En Europa, Moldavia celebró elecciones presidenciales y un referéndum sobre el rumbo que debía tomar el país y en quién debía confiar. En Georgia, se celebraron elecciones parlamentarias .
En ambos lugares, estas elecciones buscaban solucionar los problemas existentes, pero también determinar el rumbo del futuro. La diferencia en el porcentaje de votos entre ganadores y perdedores fue mínima, pero suficiente para obtener un resultado definitivo.
El partido gobernante en Georgia celebra la victoria.
El resultado final fue que la facción proeuropea y prooccidental ganó ambas votaciones en Moldavia, mientras que la facción prorusa y antieuropea perdió. En Georgia, ocurrió lo contrario: la facción considerada prorusa y antieuropea, que había estado en el poder desde 2012, volvió a ganar.
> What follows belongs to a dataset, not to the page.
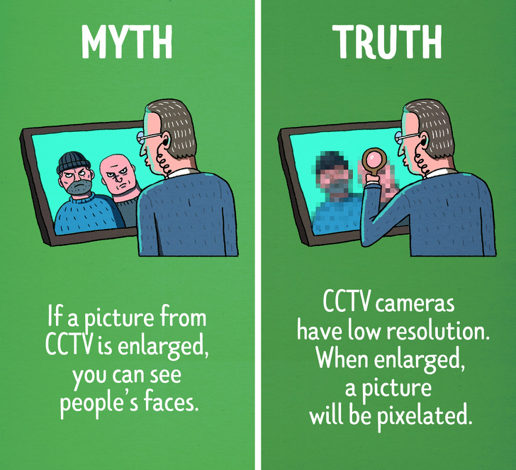 真實世界裡的監視器畫面根本不可能這樣子。電影裡的主角總是可以隨便就放大,清清楚楚地看到目標的臉,但是我們回到現實世界,看到的監視器影片都非常模糊啊。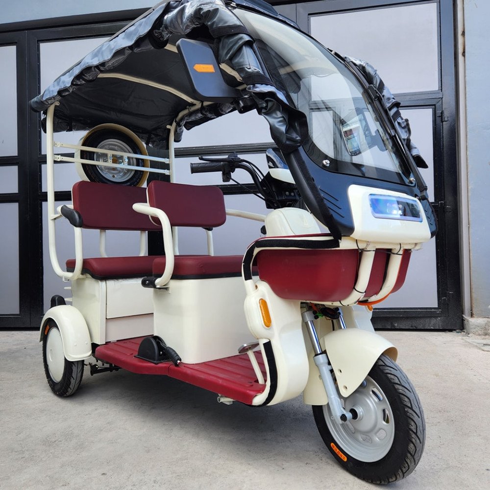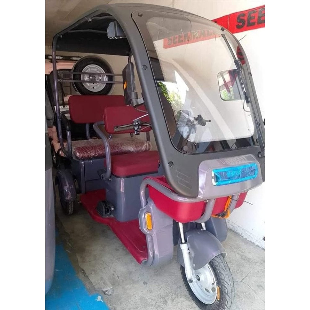 This Q1 Electric Tricycle features a sturdy frame, weather-protective roof, and comfortable seating for passengers. Powered by a reliable electric motor, it offers smooth, eco-friendly transport for daily commuting, family rides, and short-distance deliveries.

Las situaciones contrastantes entre Moldavia y Georgia ofrecen perspectivas sobre el estado actual y las perspectivas futuras de Europa. El conflicto de Ucrania y la intensa confrontación entre Rusia y la UE, la OTAN y el bloque occidental siguen dividiendo a Europa en distintas facciones políticas y grupos de naciones. El continente está profundamente fragmentado, con facciones opuestas que tienen relativamente poco poder o influencia en la lucha por el poder político, tanto a nivel nacional como continental. Los sistemas ideológicos y de valores desempeñan un papel cada vez más importante.
Por lo tanto, tanto ahora como en un futuro no muy lejano, Europa seguirá siendo política y socialmente inestable, su posición, influencia y papel en muchos aspectos de la política mundial continuarán en declive, y se alejará cada vez más de la edad de oro que alguna vez tuvo.